Ce projet, qui fait partie de la famille des systèmes d'exploitation Unix libre dérivés de BSD 4.4, se présente comme un système d'exploitation orienté sécurité. Cette volonté d'être sécurisé passe par le développement et la mise en place d'un certain nombre de fonctionnalités et de mécanismes de sécurité, mais également par l'abandon de fonctionnalités "insecure" :
- amélioration et augmentation de l'utilisation de la génération de nombres aléatoires (PID, thread, allocation mémoire, ...),
- amélioration des mécanismes de protection des données en mémoire ("W^X" : une page mémoire peut être accessible ou en écriture, ou en exécution, mais pas les 2 simultanément, "PIE" : les programmes sont compilés avec randomisation de la position de l'exécutable en mémoire, "stack protector Canary" : placement d'un entier randomisé - le canari - en mémoire derrière la pile pour se protéger des débordements mémoires),
- remplacement d'OpenSSL (récemment mis en lumière pour ces nombreuses vulnérabilités) par LibreSSL,
- meilleure gestion des privilèges (réduction, séparation),
- développement d'une nouvelle API LibTLS,
- abandon de Kerberos (vulnérable et difficile à maintenir).

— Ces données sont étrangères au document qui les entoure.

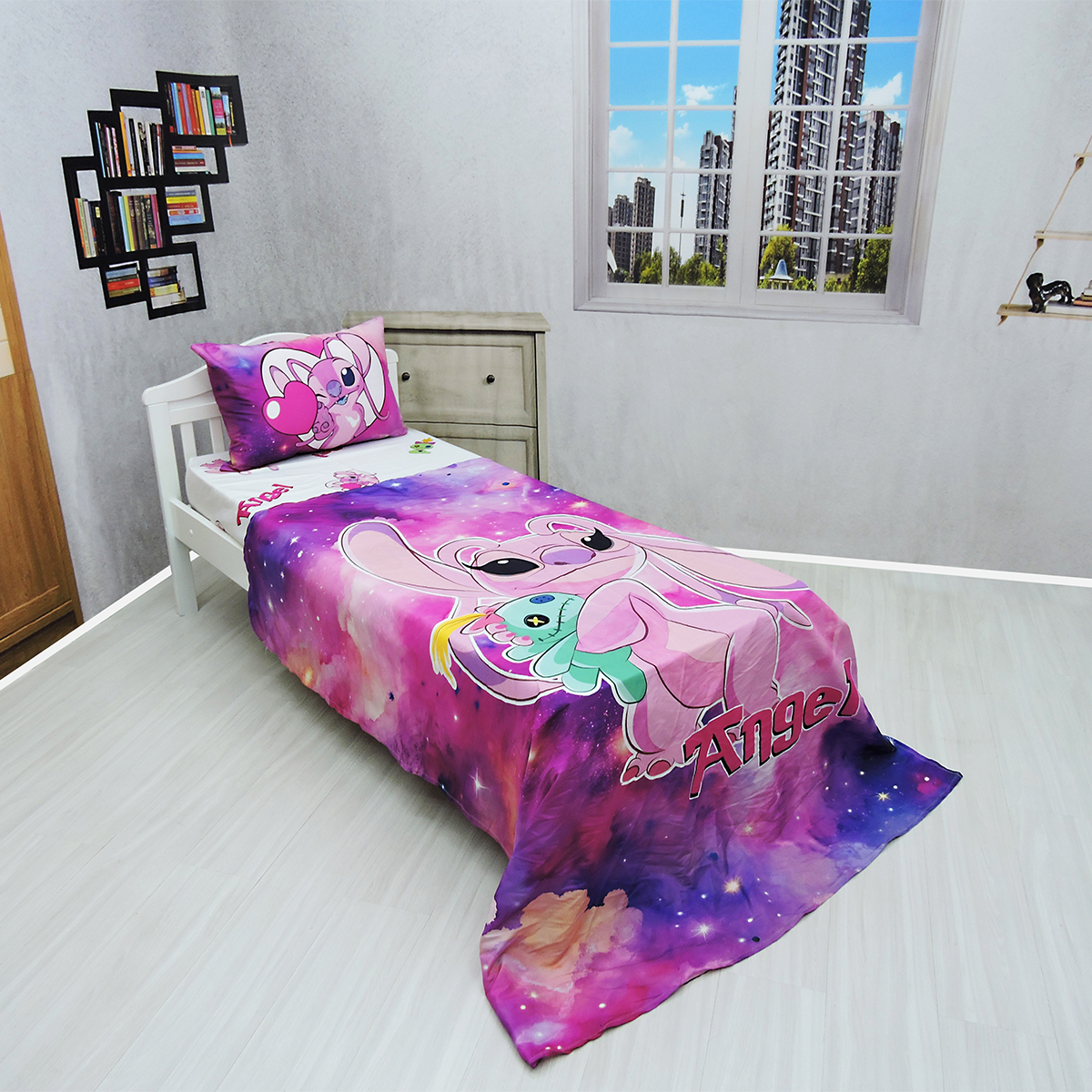 Jogo De Lençol Elastico E Cobreleito Fronha Stitch Rosa
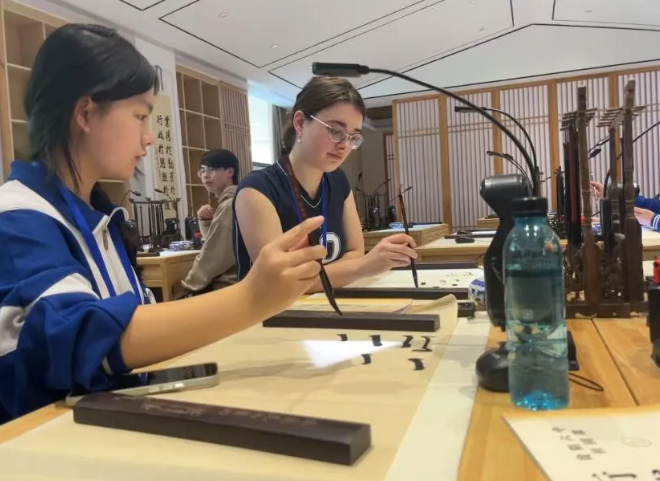 活动期间,中新学生一对一结对参与多项文化实践活动,感受多彩贵州、爽爽贵阳的独特魅力。在贵阳市第六中学,两市学生共同进行了剪纸、书法、象棋等活动体验,领略中国传统文化的魅力;参观了甲秀楼、贵州民族博物馆、贵阳市少年儿童图书馆等,近距离感受贵阳悠久的历史脉搏;畅游青云市集、携手登上贵阳路边音乐会舞台,尽享爱乐之城的无限“乐”趣;参观坝陵河大桥,共同感受世界“桥梁博物馆”的震撼;并打卡青岩古镇、天河潭等贵阳热门旅游景区,沉浸式感知“筑”城——人与自然和谐共生的生态画卷。

L'orateur termine son exposé par un bilan basé sur :
- les nombreuses améliorations et corrections d'anomalie de la nouvelle version parue au mois de novembre 2014 : OpenBSD v5.6,
- de nombreux problèmes encore en attente (notamment le remplacement de Kerberos ou une reprise de celui-ci ?).
Des liens:
http://www.openbsd-france.org/
http://www.openbsd.org/papers/
Conclusion
Cette journée de conférence a pour vocation de réunir étudiants, universitaires et industriels sur le sujet de la sécurité informatique. 150 personnes étaient présentes cette année, ce qui constitue une bonne réussite. Nous ne pouvons donc qu’espérer que l’événement se pérennise et qu’il ait lieu chaque année.